Что ж, И. М. Марголис действительно понял и не отказал.
Всю жизнь Павлин будет помнить эту лебреновскую ночь. Что-то сказочное, немного страшноватое чудесным образом навсегда отпечатается в его памяти – сквозь сонную дымку и, значит, частью в чем-то искаженное этой дымкой, а частью, может быть, даже увиденное во сне.
Начать надо с того, как переступили порог дома вдовы Кусихиной и Павлюша, предводимый Лебреном, попал в остро, неприятно пахнущий мрак большой захламленной передней. Именно так – навязчиво и остро, как спирт, пахнет в цирковых помещениях в дни, когда гастролирует труппа дрессированных тигров. Полоумная вдова, избавь бог, не держала, разумеется, кровожадных хищников, но их с успехом заменяли десятка полтора одичавших разномастных кошек, которые по силе непристойных запахов не только не уступали пятерке бенгальских страшилищ, но, пожалуй, еще и превосходили их.
Твердой рукой человека опытного и знакомого со здешними местами Лебрен протащил оробевшего Павлина по каким-то таинственным закоулкам, среди невообразимого нагромождения сундуков, корзин, громыхающих ведер, полурассохшихся бочек и прочей рухляди (даже хомут под ноги попался, зацепил гужом) и, пошарив впотьмах, поскрежетав ключом, распахнул дверь.
– Ну, вот, располагайся, пожалуйста!
Королевским жестом Рудольф очертил полукружие в холодном, затхлом воздухе нетопленной комнаты.
Затем началась возня со спичками (они шипели, чадили, но гореть отказывались решительно) и поиски свечи, сопровождаемые приборматыванием: «Проклятая ведьма, не может электричество провести!» И словно бы кошачье мяуканье за дверью, в темной вонючей передней.
Наконец свеча была найдена и зажжена. Она осветила довольно просторную, с низким потолком комнату, совершенно пустую, если не считать какую-то диковинную полосатую развалину, которую Рудольф Григорьич числил в диванах, узенькую, больничного вида железную кровать и большой фанерный ящик из-под знаменитых асмоловских папирос «Эклер», исполнявший, по всей видимости, роль стола, ибо именно на него-то и была водружена порожняя бутылка со свечой.
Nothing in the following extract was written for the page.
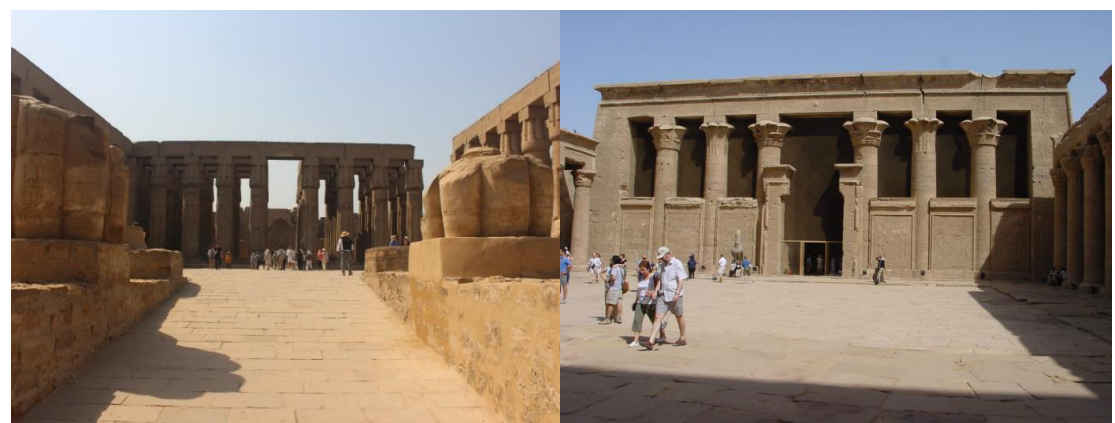
Pic2,3- Luxor temple https://en.wikipedia.org/wiki/Luxor_Temple

As the effect of winds and their direction appeared on the shape of the building plans, the wind catchers appeared to exploit the desired winds. The ancient Egyptian also took care of providing stone barriers in the cooking areas in residential buildings.

– Нет, нет, не раздевайся! – замахал руками Лебрен. – Тут холод собачий… Вот, – он указал на полосатое чудовище, – вот здесь ты будешь спать. А сейчас – показывай свои рисунки.
И, пока Павлин возился с папкой, озябшими пальцами развязывая бечеву, Рудольф, оборотясь лицом в угол, поколдовал над чем-то, позвенел стаканчиком, побулькал – и сразу запахло аптекой.
– Вам что, нездоровится? – участливо, спросил Павлюша.
– Сердце, сердце… – пробормотал Лебрен. – Сердце, мой маленький Эдди… Пардон, пардон! – спохватившись, весело засмеялся. – Проклятая привычка… Ну, показывай, показывай…
Он заметно повеселел после лекарства, шустро засновал по комнате, а когда Павлин открыл свою папку, так же шустро принялся перекидывать картинки, почти не задерживаясь ни на одной, и что-то напевал, насвистывал, приговаривал: «Так-так… очень мило… Недурно, недурно! Да ты талант, мейн либер… Талант! Прелестная старушка! И этот мостик… Браво, браво, мой мальчик!»
Время от времени отбегал в уголок и там колдовал снова, звенел стаканчиком, и снова оттуда тянуло аптекой, и новая волна веселости накатывала на него. Но все бессвязнее, все страннее становились его замечания, и вдруг, ни с того ни с сего, вспыхнул непонятным раздражением и стал визгливо кричать, что все это – нет, не искусство, а подделка, жалкая попытка скопировать жизнь. И уж, конечно, не в этих дотошно написанных старушках и прямо-таки левитановских мостиках настоящее, а в том неведомом, незнаемом, что таят в своей природе круг, угол, квадрат…
– Вот, мой маленький Джонни… Вот! Вот! – чуть ли не с пеной возле рта кричал Лебрен, извлекая из недр полосатого чуда какие-то листы картона и кидая их на пол. – Вот настоящее! Вот сегодня и завтра искусства!